Reproducible: Always


User Profile Reset: No



Additional Info:
Possibly related to bug #53325
Comment 1 Mike Kaganski 2021-09-30 16:18:25 UTC
Quoted field in CSV *starts* with a quote mark (normally "), and ends with this mark. What you show is something that includes such a character in the middle, and is *not* a quoted field.

Proper syntax of a quoted field:

123	"123	123"	123

If this sample is parsed with *tab* used as field separator, then it has three fields, first 123, second "123	123" (starting with the quote, and going until another quote followed by field separator), and third 123.

Another proper syntax:

"logdesc=""SSL VPN tunnel up"""	"action=""tunnel-up"""

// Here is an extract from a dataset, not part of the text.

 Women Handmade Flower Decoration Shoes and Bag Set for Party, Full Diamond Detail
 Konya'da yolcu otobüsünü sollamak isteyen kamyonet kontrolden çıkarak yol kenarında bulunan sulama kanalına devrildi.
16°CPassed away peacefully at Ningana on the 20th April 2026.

Here the first field would be "logdesc=""SSL VPN tunnel up""", where the middle quotes are so-called "2DQUOTE" in the RFC, that would come as single literal quotes in the result.

Incorrect syntax:

logdesc="SSL VPN tunnel up"	action="tunnel-up"

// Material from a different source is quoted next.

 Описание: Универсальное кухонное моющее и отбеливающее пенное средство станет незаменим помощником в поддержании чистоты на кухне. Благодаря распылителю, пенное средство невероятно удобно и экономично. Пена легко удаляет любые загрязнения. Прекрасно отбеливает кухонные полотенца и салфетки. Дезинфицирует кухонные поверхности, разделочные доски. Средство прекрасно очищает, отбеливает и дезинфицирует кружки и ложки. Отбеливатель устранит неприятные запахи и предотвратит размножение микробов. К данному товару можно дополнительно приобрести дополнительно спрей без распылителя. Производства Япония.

(which would still be read OK if you use tabs as separators, but would *rightfully* fail your expectations if you use any space as a separator).

Ref.: RFC 4180.

Closing NOTABUG.

[1] https://datatracker.ietf.org/doc/html/rfc4180
Comment 2 Eike Rathke 2021-09-30 16:20:58 UTC
That data doesn't look space-separated but fixed-width.
But even if it was space-separated it would not fulfil the criteria for quoted fields because for that the *entire* field content has to be "enquoted like this", which
logdesc="SSL VPN tunnel up"
or any other of that data is not.

Import as fixed-width, placing a column separator between column 40/41 and if after import you want to get rid of the extra spaces in column A then use a formula in C1 =TRIM(A1) and fill that down until end of data. You may then copy those results into clipboard and Paste-Special it onto the data in column A, only Strings but not Formulas.

Not a bug.
Comment 3 Mike 2021-09-30 17:04:28 UTC
Thanks for the explanations. I understand the problem is that part of the field is quoted. I think I was incorrect in calling out the "Format quoted field as text" as the root of this.

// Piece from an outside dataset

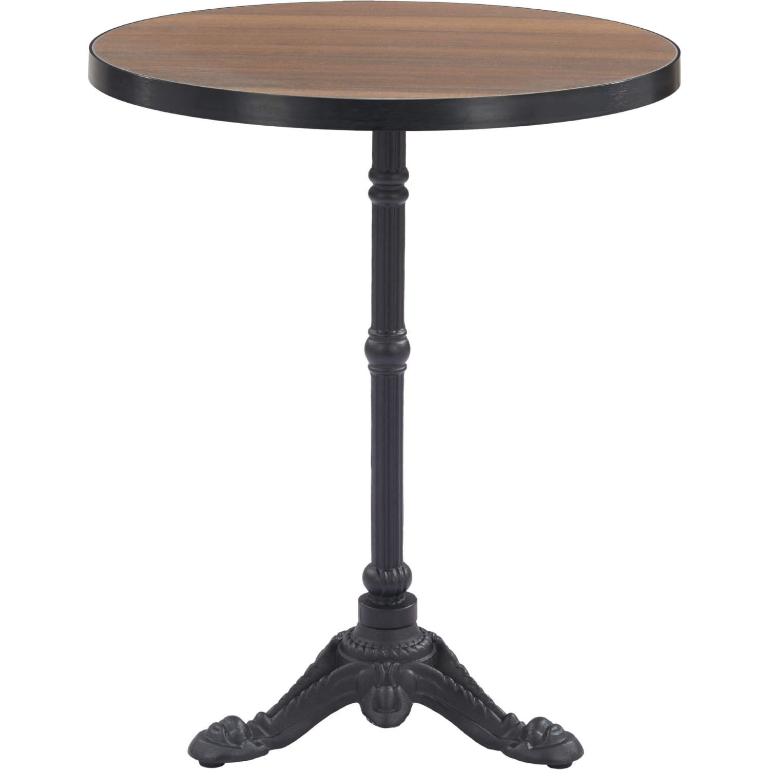 Zuo Gazebo Outdoor 24" Dining Table in Walnut Finish Faux Wood & Black Metal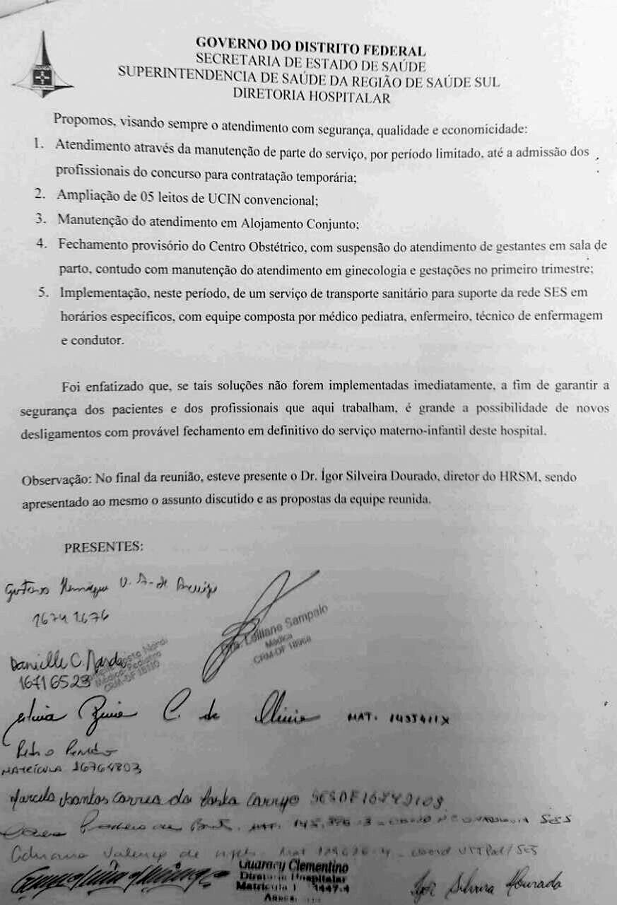 Além disso eles estão transferindo obstetras e ginecologistas para o HRAN e o hospital do Gama. “Se o problema é só o neonatal para quê essas transferências desses profissionais se o Hospital de Santa Maria está com falta de médicos?”, questionou.

Wouldn't the Merge delimiters option work though?:
"Combines consecutive delimiters and removes blank data fields"

BTW the tabs above came from me copying/pasting from Calc. And it is not fixed-width either. Scrubbed raw data follows:

date=2021-09-30 time=08:02:31 logid="..." type="event" subtype="vpn" level="information" vd="root" eventtime=... logdesc="SSL VPN tunnel up" action="tunnel-up" tunneltype="ssl-tunnel" ... dst_host="N/A" reason="tunnel established" msg="SSL tunnel established"
date=2021-09-30 time=08:02:31 logid="..." type="event" subtype="vpn" level="information" vd="root" eventtime=... logdesc="SSL VPN tunnel up" action="tunnel-up" tunneltype="ssl-tunnel" ... dst_host="N/A" reason="login successfully" msg="SSL tunnel established"
date=2021-09-30 time=08:02:31 logid="..." type="event" subtype="vpn" level="information" vd="root" eventtime=... logdesc="SSL VPN tunnel up" action="tunnel-up" tunneltype="ssl-tunnel" ... dst_host="N/A" reason="User requested termination of service" duration=100 sentbyte=0 rcvdbyte=0 msg="SSL tunnel shutdown"
date=2021-09-30 time=08:02:31 logid="..." type="event" subtype="vpn" level="information" vd="root" eventtime=... logdesc="SSL VPN tunnel up" action="tunnel-up" tunneltype="ssl-tunnel" ... dst_host="N/A" reason="User requested termination of service" duration=100 sentbyte=13183 rcvdbyte=75383 msg="SSL tunnel shutdown"
Comment 4 Mike Kaganski 2021-09-30 18:35:24 UTC
(In reply to Mike from comment #3)

This data can't be parsed as CSV, because it is not a valid csv in any case.

But you could try to turn it into one, pre-processing the data to remove everything matching the regex \b\w+= - then the rest would be the data without the field names (*if* the regex doesn't match anything inside the data itself).

And then you could just add a heading row with the removed column names manually.